Germany's population is smaller than people expected. Fewer foreigners live in Germany than many thought, which has implications for pensions and the labor market.

The stereotype goes that Germans have to measure and record everything with perfect exactitude. So it comes as a bit of a shock to some that a number as essential as the country's population turned out to be much lower than previously assumed.

With 80.2 million people, Germany remains the largest EU country by a significant margin. However, compared with previously held estimates, that number represents a sudden drop of 1.5 million residents. In a sense, a metropolis the size of Munich now vanished overnight.

The new information comes by way of the 2011 census, for which one third of the total population was polled personally or in writing. The comprehensive survey cost over 700 million euros ($908.6 million). Data collected included marital status, educational attainment, occupation and immigration status. Analyzing the responses took two years, so the recently published results are no longer entirely up to date. Experts believe, however, that the data represent an accurate snapshot of social trends in Germany for the time period in which it was collected.

A hand is seen above a detailed questionaire used in the German census (c) Kathrin Erdmann

Detailed questionaires for a key census

First census since reunification

There had not been such a thorough collection of census data since East and West Germany were reunited in 1990. Previous estimates were based on a census conducted in West Germany in 1987 as well as another carried out in 1981 in East Germany. Since then, the number of residents was simply adjusted and updated with the help of data on births, deaths and changes of residence.
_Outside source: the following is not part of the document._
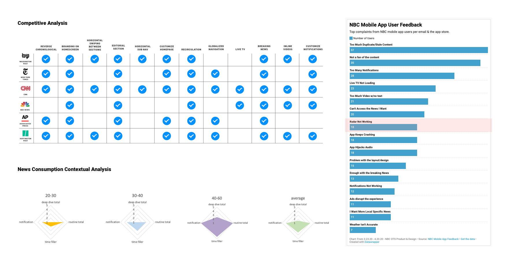 Combining qualitiative and quantitative data, direct user feedback and content consumption patterns sets the context for the redesign. We want to make sure we are solving the right problems.

"Between two censuses, the municipal registries of residents grow less and less exact, and that almost always leads to an overestimate of the numbers because many people register a new residence but never give notice of departure from their previous one," said statistician Gerd Bosbach at the Koblenz University of Applied Science.

A crowd of people of various ethnicities stands together Photo: Rainer Jensen dpa/lbn

Significantly fewer immigrants live in Germany than expected

Fewer foreigners than expected

One particularly conspicuous finding relates to overestimates regarding the number of foreigners living in Germany. Previous estimates held that there were 7.3 million people in Germany without a German passport, whereas the latest data reveal that it is instead just 6.2 million. Statisticians, again, primarily blame a failure to de-register residences in Germany once people foreigners move back home.

The new census data will carry a variety of consequences. For some German cities and states, a drop in residency numbers can have financial consequences because state subsidies are often distributed on the basis of population. Communities that must now report fewer residents may lose money.

The updated statistics could also have an effect on the shape of electoral districts, which candidates and parties will need to consider in their campaigns.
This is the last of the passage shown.